I am a Christian. Don't worry, I'm less of an evangelist and more of an apologist. (But don't get me wrong, an apologist doesn't offer apologies. They make arguments. The two words just happen to look alike.) I just wanted to say that as a way to explain this post. There are a lot of agnostics and atheists that I respect and admire, and the thing that keeps them in those camps is a lack of evidence for the existence of God. There aren't any verifiable miracles.
 
Foundations
A believers' life is filled with tiny anecdotes, small miracles that affirm their faith, but these are useless as proof to the unbeliever. Most of them don't matter. My faith was forged on prayers of "help me get through this part of the video game." You can't get sillier than that for answered prayer, but that was seriously the foundation I started on.
 
My Little Miracle
My biggest and more recent little miracle was actually substantial and was seen as answered prayers by my family as well as myself. In the hospital, I had some of the best surgeons in the state. The man who worked on my shoulder is particularly skilled, and he didn't think he'd be able to save it. The plan was, I think, to pack whatever was left of the shoulder bulb back into the socket and see what it would do. The other option, which he thought I'd get stuck with, was a total shoulder replacement.
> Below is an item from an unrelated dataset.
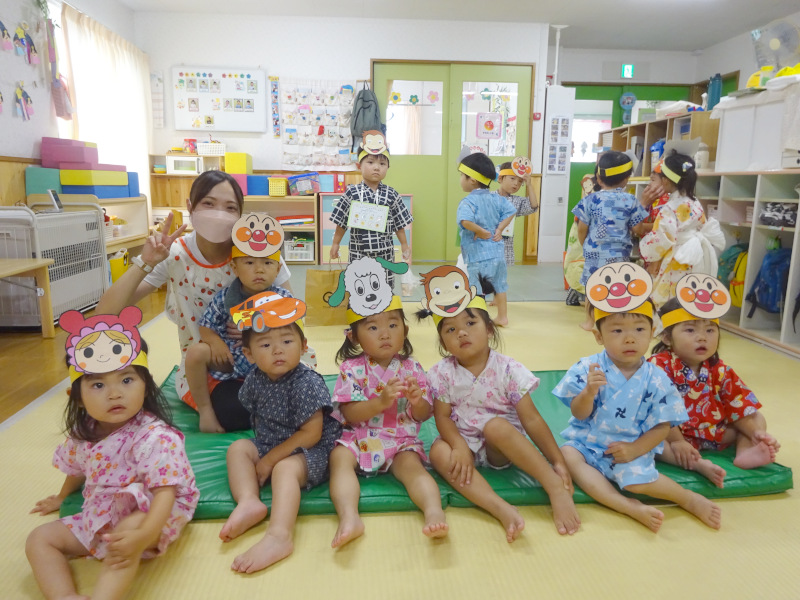 先日、保育園で七夕まつりを行いました☆みんなの甚平姿がとっても可愛くて、微笑ましい気持ちになりました♡ポップコーンができるところをジーっと見たり、お面屋さん・ヨーヨーすくい・スイカ割り・くじ引き等、たくさんの出店巡りをし、お祭り気分を味わいました♪その後はみんなでポップコーンを食べ、大満足の子どもたちでしたよ。

You get three or four of those in a lifetime, and they last less than a decade each: I'd lose the use of my right arm before retirement age. When I got into surgery, he opened the shoulder up and discovered that the pieces were bigger than expected. They'd hold screws. He was able to reconstruct my shoulder and I will regain almost full use of it. A small miracle. (My wife would like to point out that me being alive and not paralyzed is also something of a miracle. My vertebra broke in such a way as to not threaten my spinal cord at all. If it'd broken differently, I might have no use of my legs. While those are good abstract miracles, and I'm grateful for them, they don't illustrate my point as well.)
 
Small miracle it may be, that's just an anecdote. It's no evidence. There's plenty of explanations outside of "Man in the Sky put together bigger pieces when the radiologist wasn't looking." What the well-meaning and open-minded agnostic wants and needs is a big miracle. Make the sun's shadow stand still on the stairs sort of miracle. I don't believe that will happen for a couple reasons.
 
A Dearth of Proof -- Why Abscence of Evidence is Necessary
Theologically, this is about faith and love. Love must be freely given to mean anything. Now imagine that the God of Christianity is real and an active, obvious interventionist. He's always doing some obvious miracle: ending starvation or curing cancer. Doesn't that compel or at least obligate adoration? But such "love" isn't freely given, and is thus worthless and meaningless. Not even our parents or kids get love that's not freely given -- there are plenty of folks who don't love their parents or don't live their children, as hard as that might be for some of us to imagine. To love a good, omnipresent, omnipotent being demands that being choose not to exert their will obviously. God cannot work big miracles without jeopardizing the thing He wants: our love and praise, freely and thankfully given.
 
Personally, I also believe that God created a universe based on laws and rules -- physics, biology, science in all its forms -- and populated it with beings of curiosity and intellect -- us, humans -- because it gives Him joy and pride as we figure the universe out. In ignorant times, He has more freedom to bend and break His own rules that govern the universe because doing so would not undermine the knowledge and understanding His beloved humans had developed of His creation. In the modern era, a big, physics-defying miracle would not earn belief. It would just hurt our understanding of the universe and confuse us. That doesn't seem like something that God would want.
 
Let's Not Fight
I guess I'm saying that there something of an impasse. An individual may experience something which they cannot explain outside of a miracle, but that experience will never be enough to convince everyone of miracles. I'll just have to be happy and grateful for the miracles in my life and not worry if anyone else believes them or finds them significant.